Technical Committee:

OASIS Search Web Services TC

Chair(s):

            Ray Denenberg

            Matthew Dovey

Related work:

This specification replaces or supercedes:

·                     SRU 1.2

 

This specification is related to:

·         ISO 23950

·         NISO Z39.92

 

 

Status:

This document has no official status. It was prepared by the OASIS Search Web Services TC as a strawman proposal, for public review, intended to generate discussion.  It is not a Committee Draft.

 

Purpose of this Document

This specification is based on the SRU (Search Retrieve via URL) specification which can be found at http://www.loc.gov/standards/sru/.  It is expected that this standard, when published, will deviate from SRU. How much it will deviate cannot be predicted at this time. The fact that the SRU spec is used as a starting point for development should not be cause for concern that this might be an effort to fast track SRU.  The committee hopes to preserve the useful features of SRU, but not to preserve those that are not considered useful.

 

The OASIS Technical Committee developing this standard has decided to request OASIS to release this as a discussion document.  Detailed review of this document is premature at this point, but feedback on the functionality and approach is solicited.

 

Open Issues

There are several current open issues before the committee not reflected in the body of the document.

 There is a wiki for the committee at http://wiki.oasis-open.org/search-ws/FrontPage, and an issues list at http://wiki.oasis-open.org/search-ws/issues

These issues are summarized here:

 

  1. Binary representation within records
    The protocol must support the inclusion of binary objects within records.  And external mechanisms exist to provide this support. The issue is whether the standard needs to define an explicit mechanism.

 

  1. Parameterized query support
    The protocol should support parameterized queries. Should they be supported within CQL, should CQL be a special case of parameterized query, or should these two be defined separately.

  2. OpenSearch
    The specification is intended to subsume the OpenSearch functionality. The existing OpenSearch specification is regarded as a legacy specification and this standard will also and show how the protocol interoperates with that spec. This has not been sufficiently addressed in this draft.

 

  1. XML/WSDL
    The committee determined that it is premature to write XML/WSDL  for the protocol, so there is a stub section with a pointer to the current SRU xml. XML/WSDL will be written later.

  2. Operation Parameter
    There is a suggestion  to eliminate the operation parameter, incorporating it instead in the base url, in some fashion. (This is not done in this draft.)  The reason for the suggestion is that this parameter is not consistent with REST principles.

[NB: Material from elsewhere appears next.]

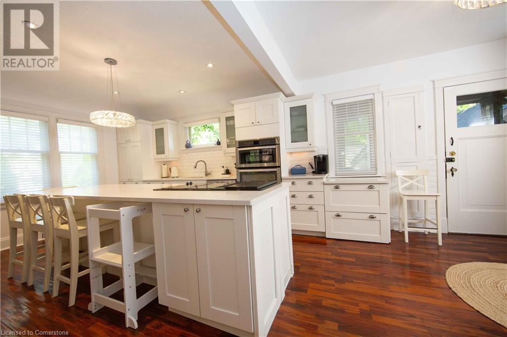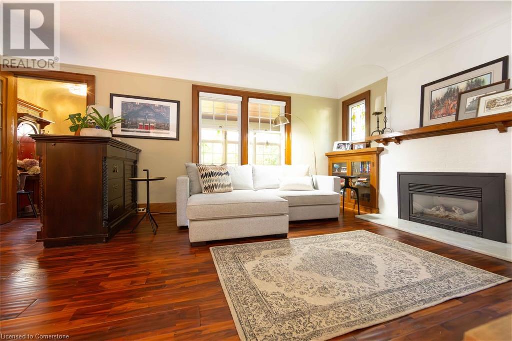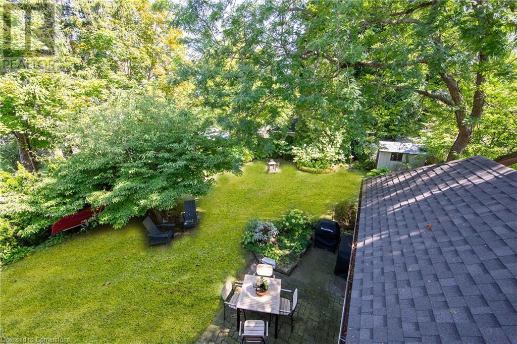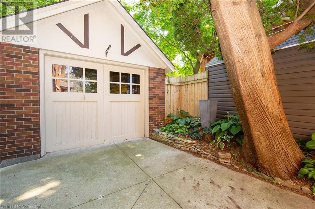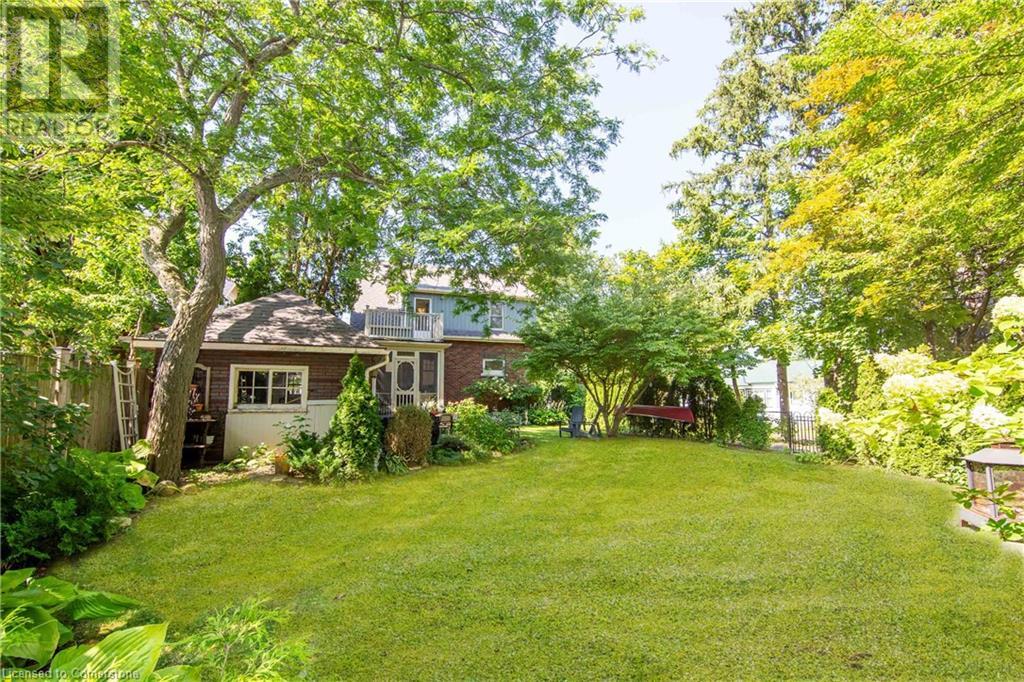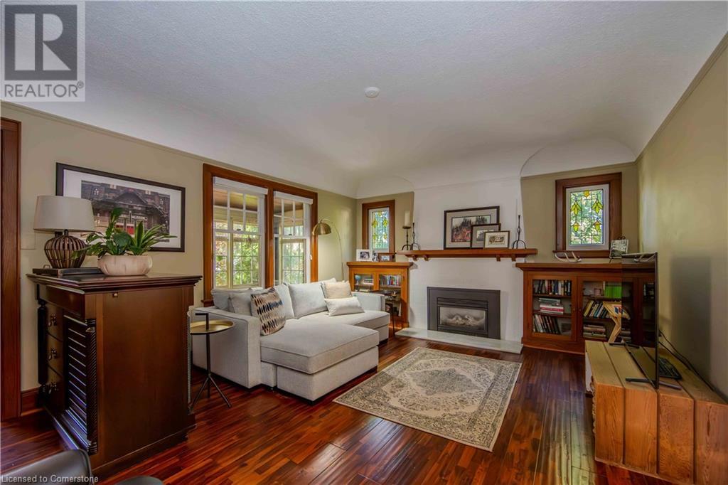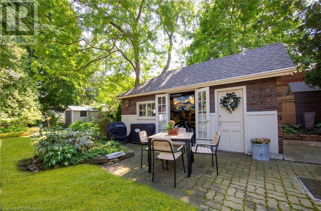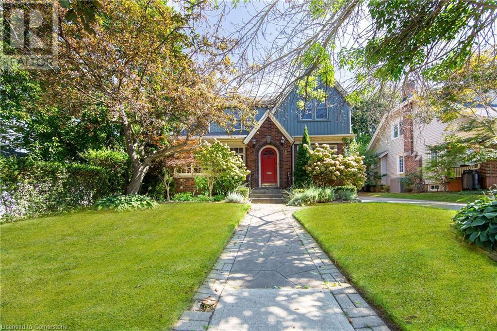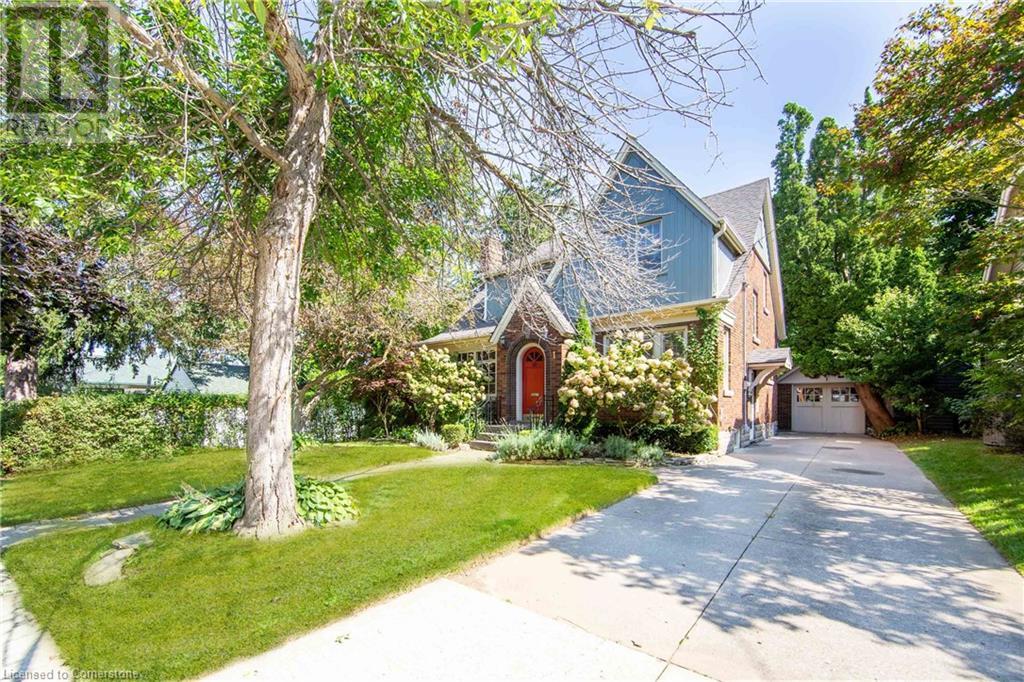 Welcome to this Classic Tudor style beauty in the historic Nelles Boulevard neighbourhood known as the Boulevard of Dreams. Built in 1938 by H.G. Schafer, this home exudes timeless charm with its lush gardens, mature trees and classic half-timber masonry. The gabled roof and detailed doorway add to its captivating curb appeal. Inside, you'll find a perfect blend of original features and modern updates. The home boasts refinished original hardwood floors, stained glass windows, and vintage glass knobs, complemented by built-ins that highlight its character. The bright open-concept kitchen is a true focal point, featuring Caesarstone quartz countertops, an oversized island, custom Italian pendant lighting, and a built-in JennAir electric cooktop with downdraft fant. The original ironing board, cleverly transformed into a sideboard, adds a charming touch. The separate dining room is perfect for formal occasions, while the cozy living room offers a temperature controlled gas fireplace. Enjoy your morning coffee or evening wine in the enclosed front sunroom, back sun porch, or on the upper level deck. This property features 3 spacious bedrooms, 1+1 baths, and a detached garage with unique sliding door. The private backyard even offers a retractable TV for outdoor movie nights under the stars. A truly unique and historic property-don't miss out! (id:55009)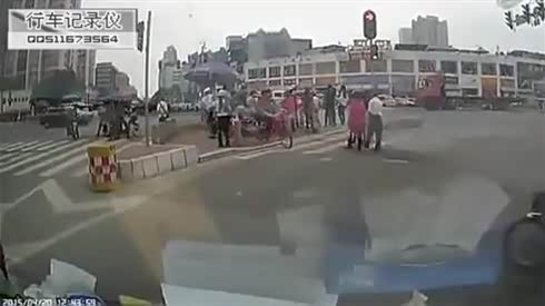 监控实拍:三轮车转弯失控 环卫工惨遭撞飞 幸运生还,,,

  3. ATOM (or RSS) as a response schema.
    There is a proposal to replace the SRU response schema with ATOM or RSS. The current draft adds a parameter allowing the client to request an alternative schema. There should be one schema singled out in the standard that is mandatory. Currently that would be the SRU response schema, and the proposal is to make ATOM or RSS the single required schema instead.

  4. Scan
    There is a suggestion to eliminate the Scan operation, and instead represent this functionality via search/retrieve.

  5. XCQL
     There is a  suggestion is to eliminate XCQL, which is an XML representation of the CQL query - it is not used in a request, only in the echoed response. Some impementors find it useful to have the query echoed in a parsed form.  However its existence causes confusion.
  6. State
    There is discussion within the committee over how stateful the protocol (as currently defined) is. Some say it is not stateful at all. Others feel that the result set model is stateful.   Actually there are two points of debate: whether the protocol is stateful, and whether it should be.



 

Notices

Copyright © OASIS® 2007. All Rights Reserved.

 

All capitalized terms in the following text have the meanings assigned to them in the OASIS Intellectual Property Rights Policy (the "OASIS IPR Policy"). The full Policy may be found at the OASIS website.

This document and translations of it may be copied and furnished to others, and derivative works that comment on or otherwise explain it or assist in its implementation may be prepared, copied, published, and distributed, in whole or in part, without restriction of any kind, provided that the above copyright notice and this section are included on all such copies and derivative works. However, this document itself may not be modified in any way, including by removing the copyright notice or references to OASIS, except as needed for the purpose of developing any document or deliverable produced by an OASIS Technical Committee (in which case the rules applicable to copyrights, as set forth in the OASIS IPR Policy, must be followed) or as required to translate it into languages other than English.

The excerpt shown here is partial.